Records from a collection
------------
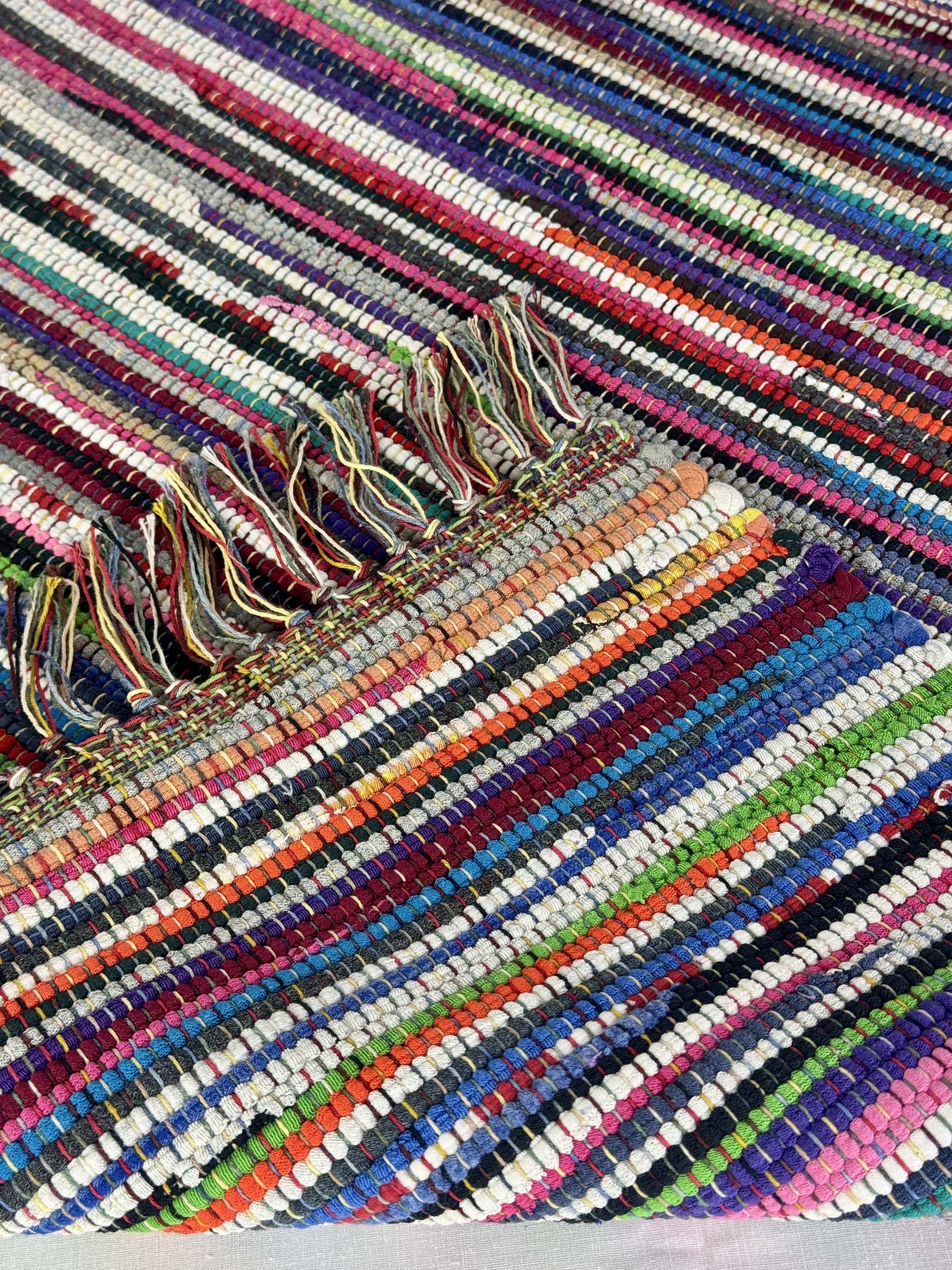 Every rug is meticulously handwoven on my trusty two-harness loom. I pour my passion and attention to detail into each weave, ensuring a quality that transcends trends. The impeccable straight edges and tightly woven strands are testaments to my dedication, while the variety of warp colors allows me to create pieces that complement any aesthetic, from modern minimalism to vintage charm.
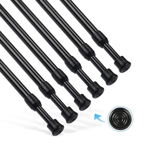 Goowin Lot de 6 tringles à rideaux extensibles sans perçage, ressort antirouille – Petites tringles de tension réglables pour placard, cuisine, placard, armoire, bibliothèque (noir, 55,9 à 88,9 cm)
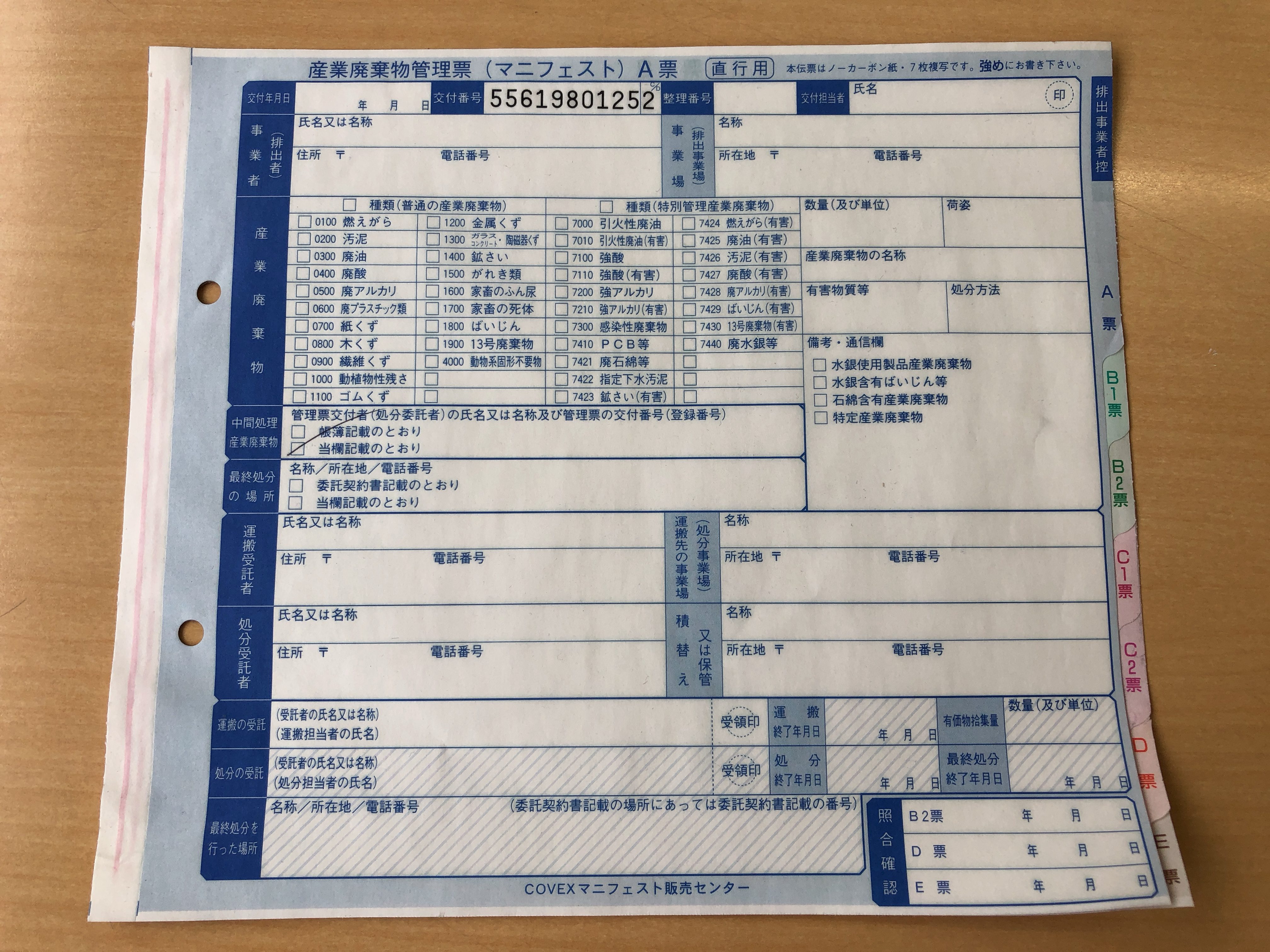 これはお客様が発行する「産業廃棄物管理票(マニフェスト)」に対して、何を、いつ、どのくらい、どこで、どのように処分されたかを適切に記入し、最終処分が終わった時点でお客様に返却する業務です。
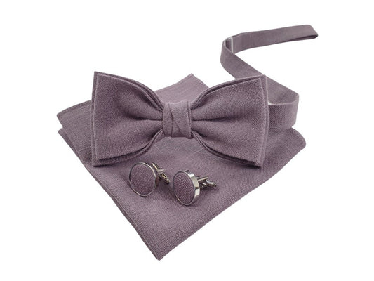Pajarita morado polvoriento / Gemelos morado polvoriento / Pañuelo de bolsillo morado polvoriento / Tirantes morado polvoriento / Pajarita de lino / Tirantes morado polvoriento
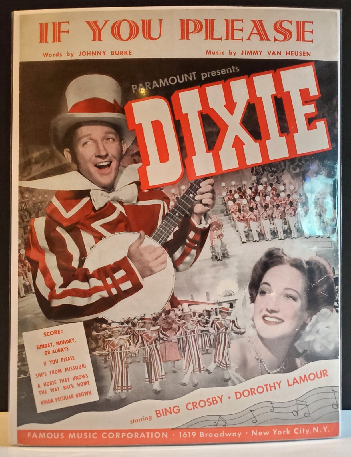 If You Please 1943 Sheet Music Paramount Dixie Bing Crosby Dorothy Lamour Famous
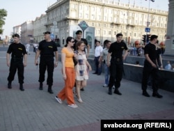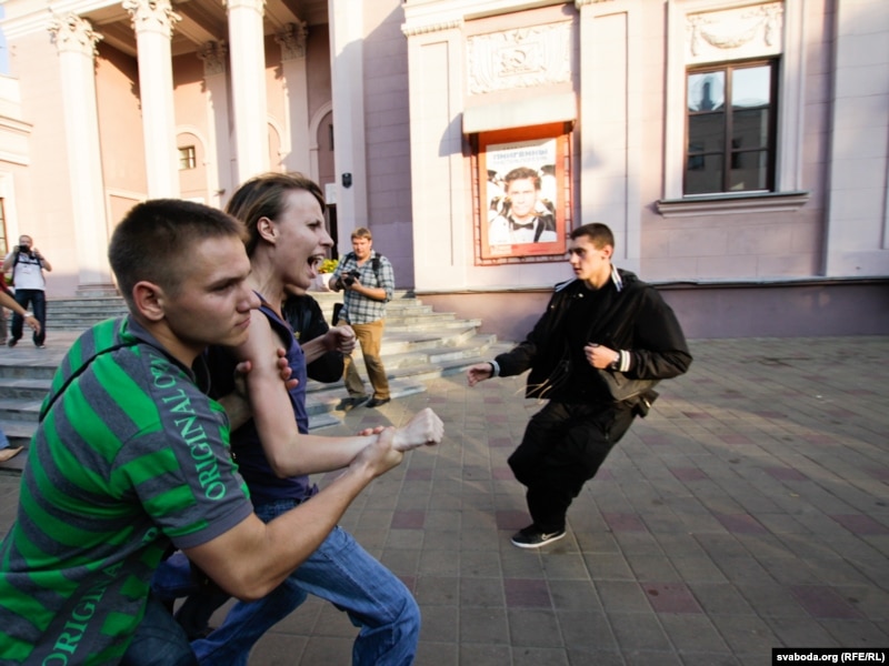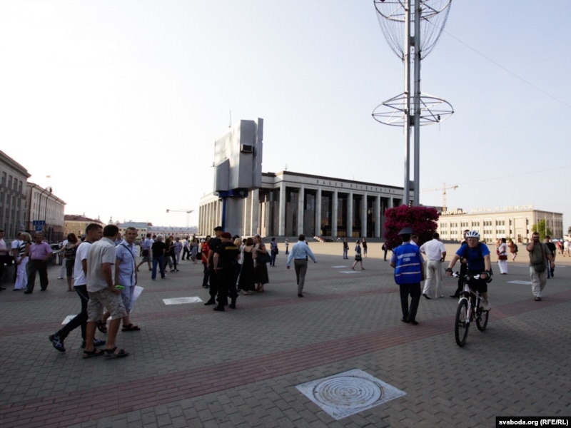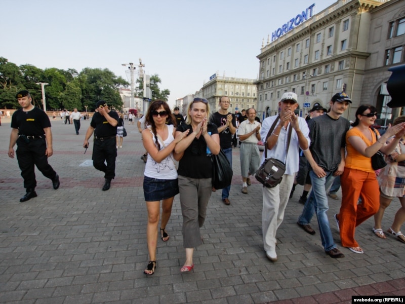 19:20 Каля 30 спэцназаўцаў у чорным вылецелі на плошчу, і пачалі выцясьняць людзей. Спэцназаўцы зрабілі ланцуг, які выцясьняе прысутных з Кастрычніцкай плошчы. Некалькі дзясяткаў людзей пачалі пляскаць у далоні. Адна з удзельніц акцыі кажа, што яна гэта робіць, каб адчуваць падтрымку людзей. Выцясьняюць нават тых, хто сядзіць на лаўках па вуліцы Энгельса. Але нікога не затрымліваюць. Людзі не далі затрымаць таго, хто даваў інтэрвію.
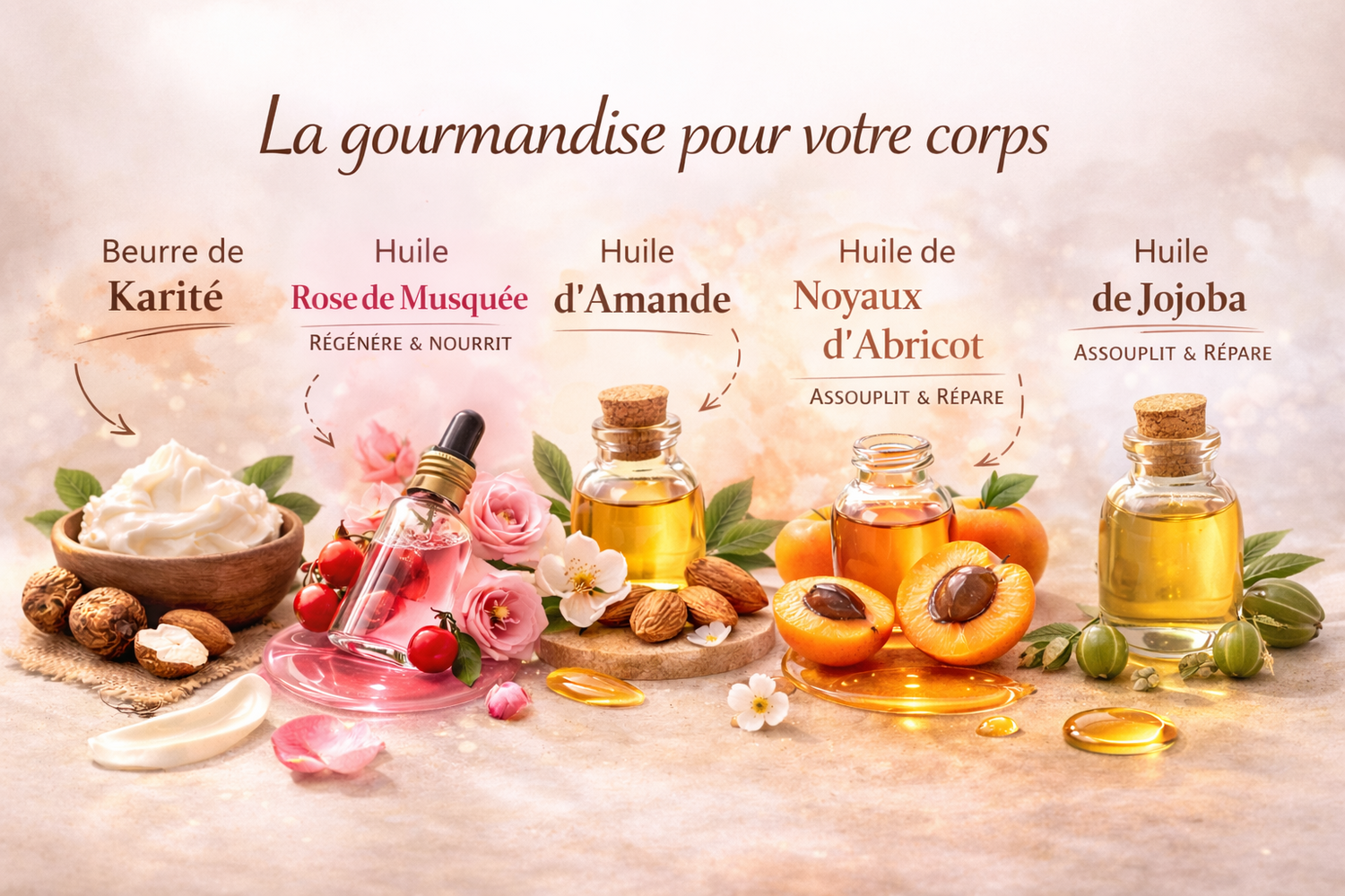 Des ingrédients soigneusement sélectionnés pour prendre soin de votre corps avec douceur et gourmandise.
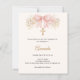 Celebrate your daughter’s special day with this elegant and feminine baptism invitation featuring a soft blush bow with delicate and beautiful floral accents. A golden cross. Designed in a warm ivory tone with a clean and timeless layout, this invitation creates a refined and graceful first impression.
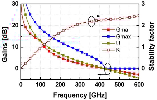 We performed an s-parameter simulation on a post-layout extracted HBT with an emitter size of 2 × 70 nm × 900 nm. The reference metal was the second-most bottom layer (M2). Figure 2 shows the simulated gains, including maximum available gain (Gma), unilateral gain (U), maximum achievable gain (Gmax), and the stability factor of the RC-extracted transistor. The simulated fmax of the transistor was reduced to about 420 GHz even with external layer extraction up to M2. At 280 GHz, the upper bounce of the power gain of the chosen HBT was about 8.9 dB. Employing a proper embedding network could increase the gain of an amplifying stage close to Gmax at the cost of a significant reduction in the operation bandwidth [23]. However, the transistor can be easily unstable under this condition due to process variations.
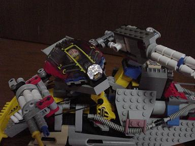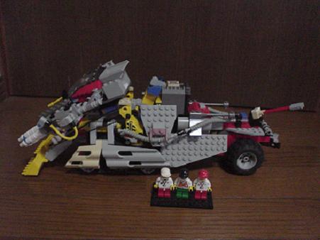 製作者 20-XZ さん のコメント 朝、目が覚めたら突然ひらめいて、早速作ることにしたんです。 が、それはものすごく小さい物で、人も乗れなかったんですが、 「これじゃつまらない」と色んな部品を付けていくうちに、 画像の半分の大きさになりました。 それでもまだ飽き足らず、大きくしていったら、出来ました。 失敗点・・・大きいのに1人しか入れない。 や、荷物など入りますが、スペースが小さすぎて、 ろくな物が入りません。 |
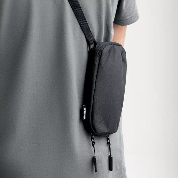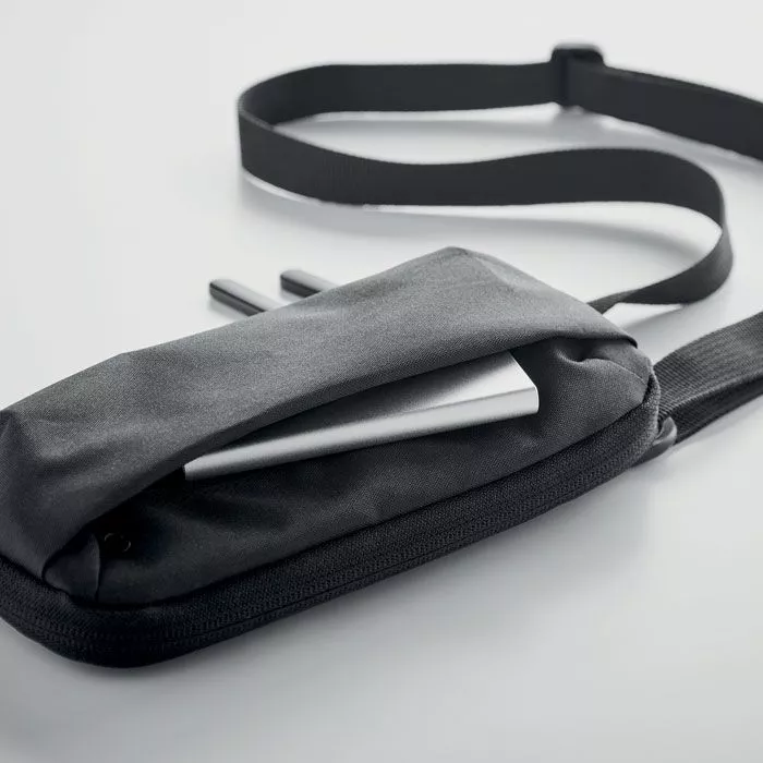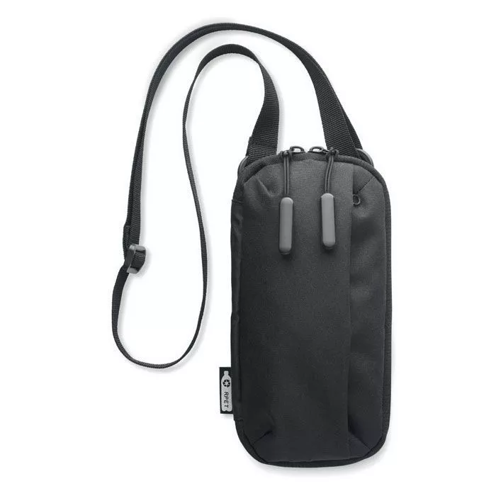 Универсальная сумка для смартфона из полиэстера 300D RPET с регулируемым ремнем. Передний и боковой карман на молнии. Основное отделение имеет несколько карманов.
------------
» **TO DO**
Look above for the line with "Goowin Lot de", then give again exactly every line from there through the line with "If You Please", skipping the pictures.

» **OUTPUT OF THE TASK**
 Goowin Lot de 6 tringles à rideaux extensibles sans perçage, ressort antirouille – Petites tringles de tension réglables pour placard, cuisine, placard, armoire, bibliothèque (noir, 55,9 à 88,9 cm)
 これはお客様が発行する「産業廃棄物管理票(マニフェスト)」に対して、何を、いつ、どのくらい、どこで、どのように処分されたかを適切に記入し、最終処分が終わった時点でお客様に返却する業務です。
Pajarita morado polvoriento / Gemelos morado polvoriento / Pañuelo de bolsillo morado polvoriento / Tirantes morado polvoriento / Pajarita de lino / Tirantes morado polvoriento
 If You Please 1943 Sheet Music Paramount Dixie Bing Crosby Dorothy Lamour Famous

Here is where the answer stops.